Department of Management

 

Date of this Version

1991

Comments

Published in Journal of Management Systems 3:3 (1991), pp. 25-39. Copyright © 1991 Maximilian Press, Publisher, for the Association of Management/International Association of Management. http://www.aom-iaom.org/jms.html Used by permission.

Abstract

Self-managing teams are rapidly approaching the popularity of Quality Circles in both the popular and organizational literature. However, before this promising notion becomes the next panacea for the ills of our declining international competitiveness, we must investigate the fundamental question of how superior managed professionals become transformed into self-managers. This paper presents a model of a leadership-making process which purports to produce the transformation of superior manager professionals into self-managing and partially self-designing units. The focus of this paper is on the upper end of the self- managing category of Hackman’s (1986) authority matrix.

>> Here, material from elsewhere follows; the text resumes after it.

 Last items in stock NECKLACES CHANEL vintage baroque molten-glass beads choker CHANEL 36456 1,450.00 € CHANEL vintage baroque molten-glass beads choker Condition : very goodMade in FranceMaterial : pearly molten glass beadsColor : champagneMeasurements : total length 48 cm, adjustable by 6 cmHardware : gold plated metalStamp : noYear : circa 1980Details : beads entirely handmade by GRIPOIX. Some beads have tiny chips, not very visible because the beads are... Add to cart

A life cycle model of leadership-making is outlined, and emphasis is placed on the process by which teamwork is built from within and the activities which allow individuals to (a) outgrow their dependence on outside direction and control and (b) realize that a more effective strategy for accomplishing their own (“I”) needs is through satisfying learn (“We”) needs (i.e., the “transformation”). This model for the process of becoming a self-managing team player provides a data-grounded rationale (covering over 20 years of programmatic research) in order to facilitate hypothesis-testing research.